The Board room lights were dimmed, and the Meeting Inventory Spreadsheet was projected up on to the screen, larger than life. Across the top was every major team initiative that we knew of, and then down the vertical side were the names of the people on the various teams. Each horizontal row had big X’s to mark where that person was assigned to a team.

It turns out that corporate life is just like church: we discovered that 20% of the managers were participating in 80% of the teams. These were the same managers who were yammering about having too many meetings. Looking at that spreadsheet, you also couldn’t help but notice there were a whole bunch of other names with no check marks next to them, no matter how far you went out in the screen view. Those were the people that weren’t doing anything at all, other than their regular jobs. Slackers.

No wonder these managers were complaining. We had given all the work to the few that we all thought were the most capable.

“Hmm,” We said, upon this realization, carefully examining the chart.

Then one very bright vice president spoke up:

“This explains why we seem to be so busy all the time without getting any results.” The rest of us nodded our heads in hearty agreement.

“Makes sense,” chimed in the VP of Sales.

“Yup. These guys are drowning,” said the CFO.

“This time we have really gone too far,” said another executive, as we hung our heads in shame.

Well, that part’s not true. For goodness sake, no executive worth his salt is going to apologize for going a little overboard pursuing worthy projects! All we were trying to do was to maintain an aggressive position to keep our heads above water for another fiscal year. It just happened to get a bit lopsided.

This situation reminded me of something a wise friend of mine said recently:

 “Don’t confuse activity with action.”

In other words, just because someone looks really, really busy, it does not necessarily mean that they are being very productive.
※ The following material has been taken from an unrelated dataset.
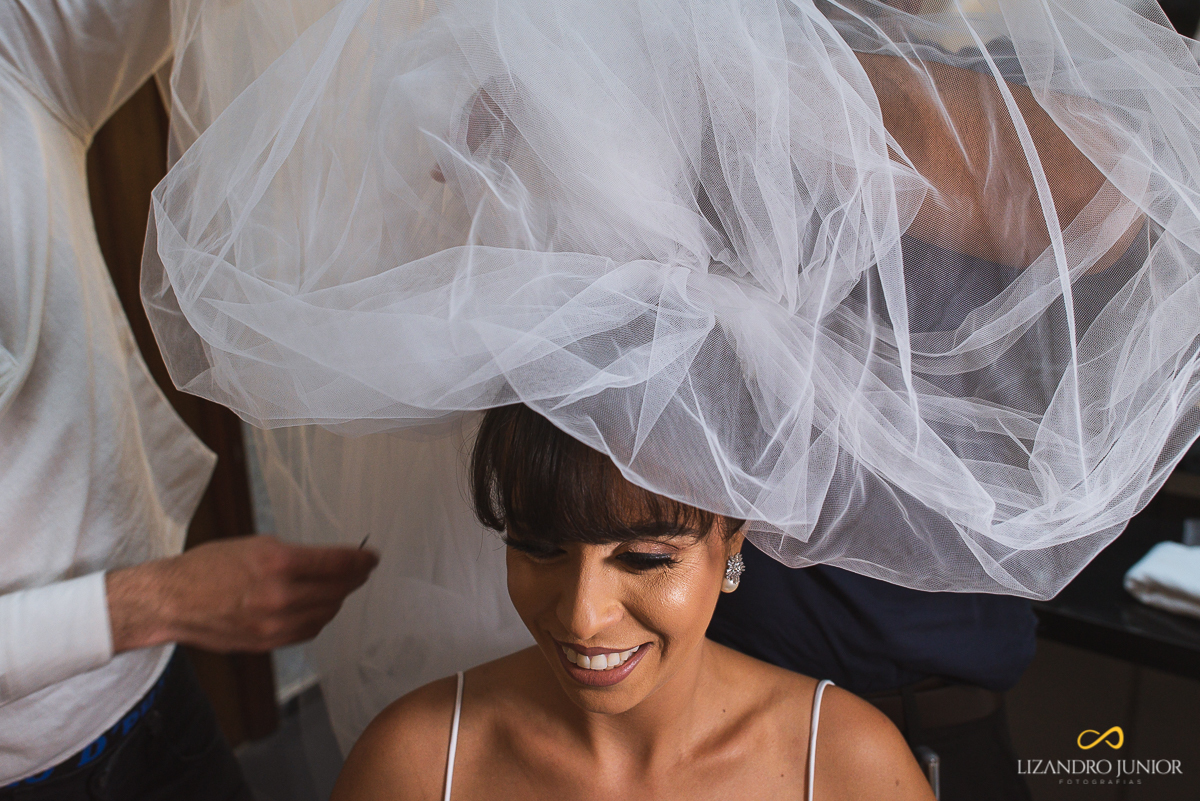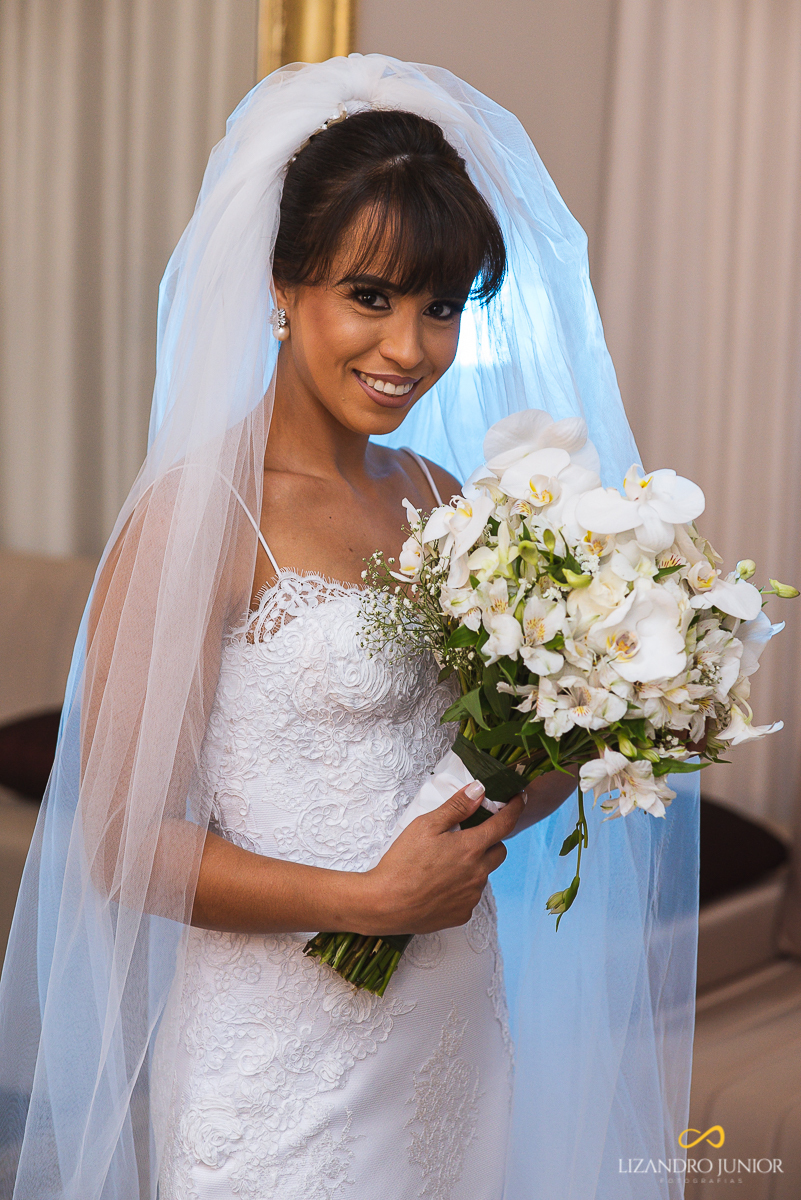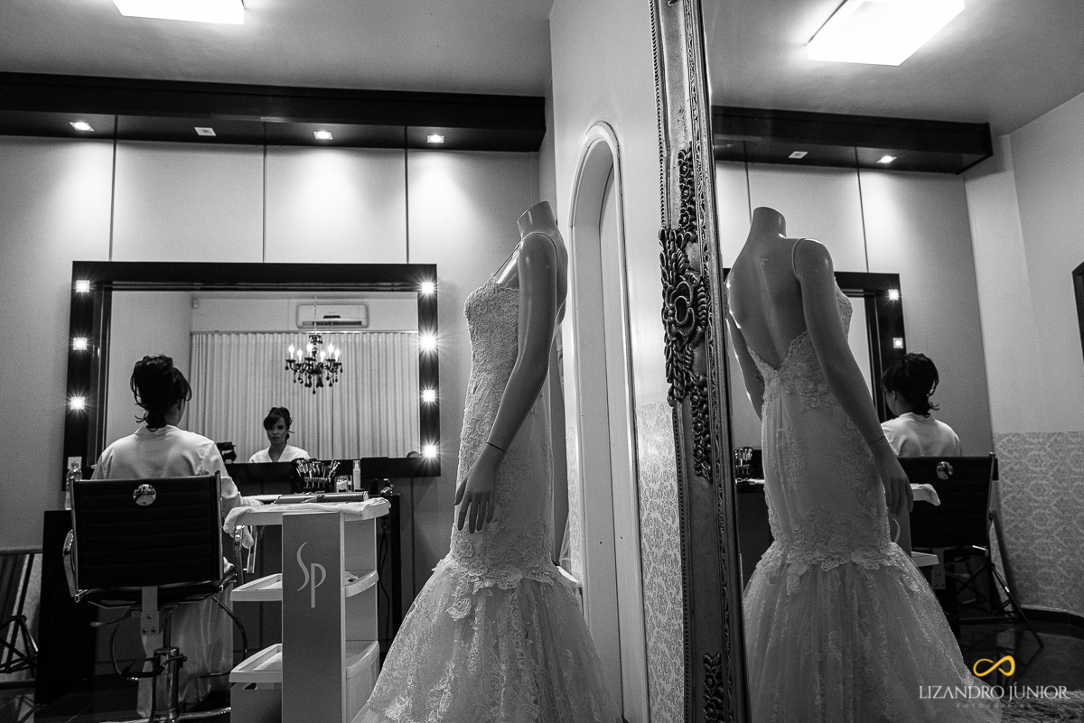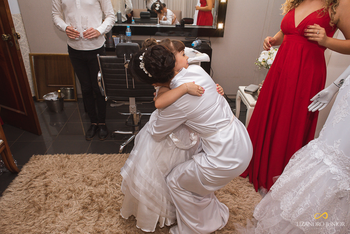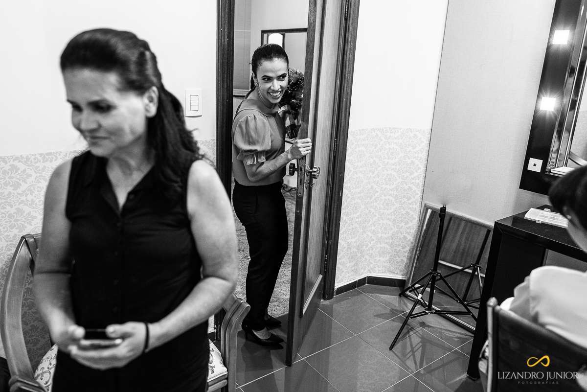 Creio que por ter sua mãe apoiando em todos os momentos durante a sua produção, Denise se sentia muito à vontade. Aos poucos, seu penteado maravilhoso tomava forma. Fizemos algumas fotos e logo ela estava pronta. Wender também se arrumou no salão Salvatore, porta a porta com sua amada. E claro, não poderia deixar de a surpreender com um mega buquê de flores. Com um cartão escrito à mão, uma mensagem de amor para ela. Os olhinhos brilhavam!

It could, in fact, mean the opposite – you get so busy working on so many different things, that nothing important is getting accomplished at all.

Purge and Prioritize to Focus Energy on the Greatest Potential

The bright and accomplished executives who were gathered that day in the Board room quickly went to work on a new project: developing a “Meeting Optimization Program,” where we began to prioritize and streamline all of the project teams. We eliminated some, beefed up others, put some on a waiting list, and then shuffled the deck of players so that we were utilizing more of our people, while ultimately limiting each person to three teams, max.

That’s better. Now we can really get something accomplished. I can’t tell you the relief and clarity we felt after purging through that list.

God is Not a God of Confusion

The Apostle Paul made and important but obvious point about best practices for organizational behavior when he was addressing the Corinthian church. By all accounts, this was a church that had gone off the deep end of meeting chaos, with people scrambling every which-way trying to get busy with Jesus. Plus they all wanted to be the loudest voice in their church meetings. Paul attempted to break through all the madness with this simple message in I Corinthians 14:33:

“God is not a God of confusion, but a God of peace.”

It’s difficult to feel spiritually effective in your organization when you are on meeting overdrive, wondering if you are channeling the best and highest use of your time and energy. As executives, of course, we are just interested in getting as much done as we can with as few resources as possible. So we dump. But sometimes it’s necessary to step back and reevaluate, to get focused, to distinguish the activity from the action.

Paul knew that clarity brings order, and that order brings peace. Peace brings spiritual clarity. And we could all use more of this at work.

Do you experience confusion at work, or a focused energy?
What can you do as a leader to bring more spiritual clarity to your organization?